Buyers Beware

Having studied contract law has served me well in real estate. REALTORs don’t generally understand that particular branch of law so many conventions continue to be ambiguously incorrect but accepted.

So when it comes to being a fiduciary for buyers and sellers, part of my value is being brief and precise so a Judge would appreciate our actions in the case of a dispute. Another benefit to my clients is to ensure risk does not survive the sale. Knock on wood, I have never been party to a dispute and don’t intend to. To remain out of court, I have to know what my clients are signing “Left of Bang“.


Most MLS listings include instructions and documents to give prospective buyers and their agents more information. Sellers typically provide their statutory disclosures and special instructions attached to their listing. It is convention to utilize the California Association of REALTORs CAR forms such as the Residential Purchase Agreement (RPA). CAR maintains and evolves these documents to reflect “reason” and legal decisions. These CAR documents are legally supported and vetted. My clients have protections in these documents if they are used well.

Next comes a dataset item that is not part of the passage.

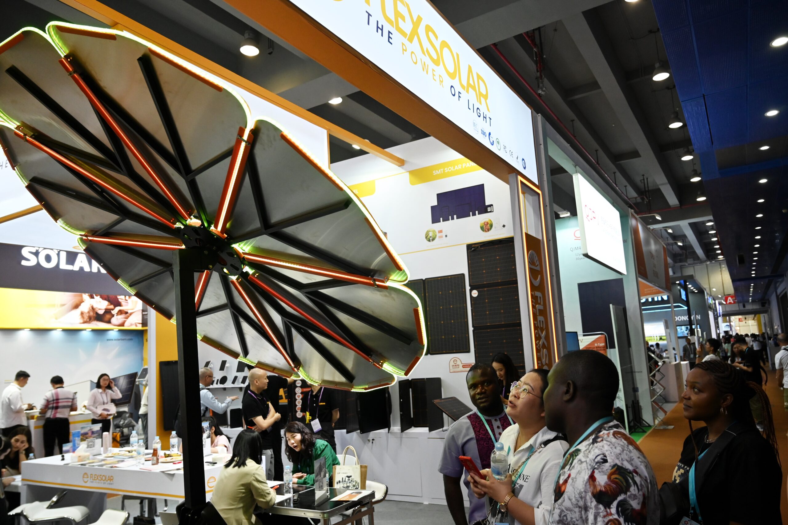 4月15日,广东广州,新能源展区一展位的“太阳能树”吸引采购商。当日,第135届中国进出口商品交易会(广交会)开幕。 未经允许不得转载:城市新闻网icitynews » 第135届广交会新能源展区人气旺

Enter seller Zillow with possibly 100 listings available in our 3 counties. A Title search shows 253 owned by Zillow Home Trust in our metropolis. THEIR listings currently require a buyer to complete and sign THEIR purchase agreement (PSA) and addendum. Whether a buyer uses the standard CAR purchase agreement to submit an offer, the Zillow agreement appears to be the executable contract once escrow begins.

Since their PSA becomes the executable, my buyers better know the risks that this NON-lawyer can determine. These following excerpts should give agents and buyers concern when entering an agreement with a different contract. These are my interpretations for my clients who are obviously advised to seek legal counsel if we can’t maintain risk and leverage.

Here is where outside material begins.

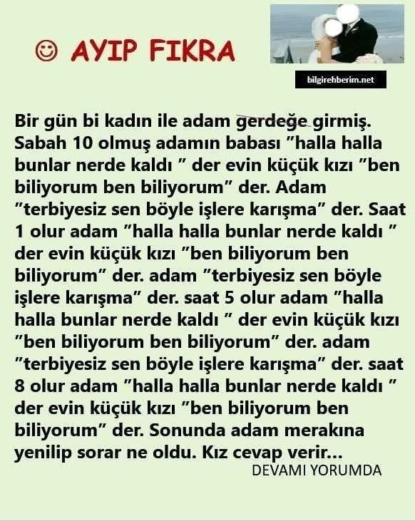 bir gün bi kadın ile adam g.rdeğe girmiş.sabah 8 olmuş adamın babası ”halla halla bunlar nerde kaldı ” der evin küçük kızı ”ben biliyorum ben biliyorum” der.adam ”terbiyesiz sen böyle işlere karışma”der.saat 1 olur adam”halla halla bunlar nerde kaldı bir gün bi kadın ile adam g.rdeğe girmiş.sabah 8 olmuş adamın babası ”halla halla bunlar nerde kaldı ” der evin küçük kızı ”ben biliyorum ben biliyorum” der.adam ”terbiyesiz sen böyle işlere karışma”der.saat 1 olur adam”halla halla bunlar nerde kaldı

When a change is introduced that has NEVER been attempted BUT is accepted and obeyed, that change becomes permanent and, if frequently accepted, becomes the new “norm”. This change, then, makes all precedents abnormal except in hindsight. Zillow has been offering prospective sellers a quick exit with short visits and, sometimes, a purchase price that exceeds the market. Sellers want a quick exit especially if the market is inserting overwhelming and exhausting requirements on a “normal”, market sale.

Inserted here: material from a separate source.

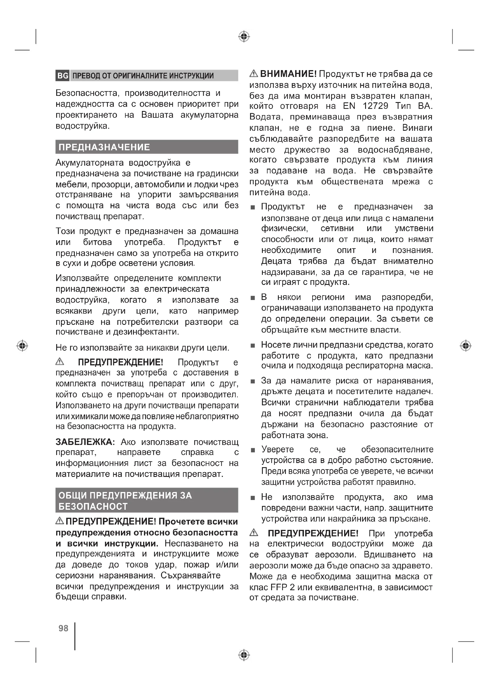 Използвайте определените комплекти принадлежности за електрическата водоструйка, когато я използвате за всякакви други цели, като например пръскане на потребителски разтвори са почистване и дезинфектанти. Не го използвайте за никакви други цели. ПРЕДУПРЕЖДЕНИЕ! Продуктът е предназначен за употреба с доставения в комплекта почистващ препарат или с друг, който също е препоръчан от производител. Използването на други почистващи препарати или химикали може да повлияе неблагоприятно на безопасността на продукта. ЗАБЕЛЕЖКА: Ако използвате почистващ препарат, направете справка с информационния лист за безопасност на материалите на почистващия препарат. ОБЩИ ПРЕДУПРЕЖДЕНИЯ ЗА БЕЗОПАСНОСТ ПРЕДУПРЕЖДЕНИЕ! Прочетете всички предупреждения относно безопасността и всички инструкции. Неспазването на предупрежденията и инструкциите може да доведе до токов удар, пожар и/или сериозни наранявания. Съхранявайте всички предупреждения и инструкции за бъдещи справки. ВНИМАНИЕ! Продуктът не трябва да се използва върху източник на питейна вода, без да има монтиран възвратен клапан, който отговаря на EN 12729 Тип BA. Водата, преминаваща през възвратния клапан, не е годна за пиене. Винаги съблюдавайте разпоредбите на вашата место дружество за водоснабдяване, когато свързвате продукта към линия за подаване на вода . Не свързвайте продукта към обществената мрежа с питейна вода. ■ Продуктът не е предназначен за използване от деца или лица с намалени физически, сетивни или умствени способности или от лица, които нямат необходимите опит и познания. Децата трябва да бъдат внимателно надзиравани, за да се гарантира, че не си играят с продукта. ■ В някои региони има разпоредби, ограничаващи използването на продукта до определени операции. За съвети се обръщайте към местните власти. ■ Носете лични предпазни средства, когато работите с продукта, като предпазни очила и подходяща респираторна маска. ■ За да намалите риска от наранявания, дръжте децата и посетителите надалеч. Всички странични наблюдатели трябва да носят предпазни очила да бъдат държани на безопасно разстояние от работната зона. ■ Уверете се, че обезопасителните устройства са в добро работно състояние. Преди всяка употреба се уверете, че всички защитни устройства работят правилно. ■ Не използвайте продукта, ако има повредени важни части, напр. защитните устройства или накрайника за пръскане. ПРЕДУПРЕЖДЕНИЕ! При употреба на електрически водоструйки може да се образуват аерозоли. Вдишването на аерозоли може да бъде опасно за здравето. Може да е необходима защитна маска от клас FFP 2 или еквивалентна, в зависимост от средата за почистване. 98ПРЕДУПРЕЖДЕНИЕ! Не въртете дюзата, докато дърпате спусъка. Ако тече вода, докато дюзата е обърната, тя се изпуска в предпазния канал. Това не е теч, но позволява на водата да излезе, без да повреди продукта. ПРЕДУПРЕЖДЕНИЕ! Струята под високо налягане е опасна, ако се не използва правилно. Не насочвайте струята към хора, електрическо оборудване под напрежение или към самия продукт. ■ За да избегнете риск от взрив, не пръскайте запалими течности. ■ Не насочвайте струята срещу себе си или други хора, за да чистите дрехи или

But Zillow, in all their wisdom, considers theirs the “normal”, market sale. This will cause a permanent change to the residential, real estate market. REALTORs as a collective aren’t much smarter than the buyers and sellers they represent. REALTORs, therefore, will gladly accept and obey Zillow’s rules.

Because C.A.R. doesn’t have a monopoly on the written agreement used in a sale (RPA) and doesn’t want to be sued, they can’t tell Zillow anything about the PSA. Our professional union (CAR) won’t even review it for legality.

This means Zillow has ‘free reign’ on changing the market thru the frequent use of their PSA. Thanks to our professional union, we have again made permanent ‘caveat omnus’ (all beware). The PSA may get adjudicated when disputes arise from its use. Then again, Zillow has a plan for this: Counter-sue. That action will delay ANY lawsuit.

PSA Section 1.6 – implied is that breach entitles seller to deposit WITH NO MENTION of contingency removals.
PSA Section 6.1 – Zillow took away a Buyer’s right to sue for specific performance if Seller breaches.
PSA Section 8.1 – Zillow owns the property and has never occupied it. Therefore, like an REO or Probate sale, the buyer cannot expect disclosures from Zillow. That’s dandy. And the time to review ‘updated’ seller disclosures shortened to 2 days.
There is no Mediation or Arbitration section in the PSA. How does the C.A.R. RPA sections carry thru?
Zillow advises hiring a lawyer to review their contract. Will Zillow pay for that?
Did Zillow’s seller avoid submitting disclosures to Zillow? Zillow is avoiding it
California RPA (12/2018, current)
  • 25. ATTORNEY FEES: In any action, proceeding, or arbitration between Buyer and Seller arising out of this Agreement, the prevailing Buyer or Seller shall be entitled to reasonable attorney fees and costs from the non-prevailing Buyer or Seller, except as provided in paragraph 22A.
California RPA (12/2021, draft/proposed)
  • 22. ATTORNEY FEES AND COSTS: In any action, proceeding, or arbitration between Buyer and Seller arising out of this Agreement, the prevailing Buyer or Seller shall be entitled to reasonable attorney fees and costs from the non-prevailing Buyer or Seller, except as provided in paragraph 30A.
Zillow PSA (current)
  • 9.8 Attorneys’ Fees. In any dispute between the parties, whether or not resulting in litigation, arbitration, or any other proceeding, both Buyer and Seller agree that (i) neither party shall be entitled to recover any attorneys’ fees, costs or expenses from the other even if one party is found to be the prevailing party, and (ii) each party shall be solely responsible for their own attorneys’ fees, costs or expenses incurred to resolve such dispute between the parties.